The chair broke, and he banged his head on Scully's desk on the way down.

"Ow! Dammit!" Mulder disentangled himself and stood up, rubbing his head. He aimed a kick at the remains of the chair, stubbing his toe but inflicting no discernable damage to the furniture. "Shit," he muttered, gingerly rubbing at his still-swollen eyelid and cheek. He felt like crap, and it was only ten AM. And it didn't help that Agents Jones and Bronson were looking at him and snickering. He glared at them. I don't remember requesting a transfer back to fifth grade, he thought bitterly.

And where the hell was Scully? She wasn't at her desk.

Mulder deposited the remainders of his chair unceremoniously into the hallway, maneuvered Scully's fancy ergonomic executive wheeled desk chair around to his own space (she never used a chair this nice downstairs, he groused), and called her home phone. No answer.

"Hey, Scully, it's me." He pondered what else to say. "Um, I'm just wondering where you are. Call me when you get a chance."

He tried her cell. Out of service.

Fine. He didn't care what Scully was doing anyway. She didn't have to keep him apprised of her every motion. She could damn well do whatever she pleased. It wasn't as though they were -

It wasn't as though they were - anything. Anymore. Ever.

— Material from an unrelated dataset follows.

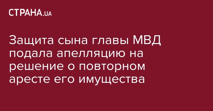 Защита сына главы МВД подала апелляцию на решение о повторном аресте его имущества

He rubbed at his eyes, and hissed when he remembered he wasn't supposed to do that. So why did it hurt so much when he couldn't reach her?

He sighed heavily and pulled the list of the day's background checks out of his inbox.

He really hated the fact that he had an inbox.

He fished his reading glasses out of his pocket and slipped them on.

No change.

One of the lenses was missing. Dammit! It must have popped out during the fight at the subway. Fuck! Now he'd have to go back to the optometrist. He hated people poking at his eyes.

He hated people poking at any of him, really, but Scully wasn't qualified to do the eye doctor part. Not that she would want to, anyway.

Fuck. He threw the useless glasses across the room, and they landed next to the trash can by the doorway.

Oh, right. He should keep the frames.

Mulder planted his elbows on the desk and rubbed at his temples. His entire head ached. Coffee. He needed coffee.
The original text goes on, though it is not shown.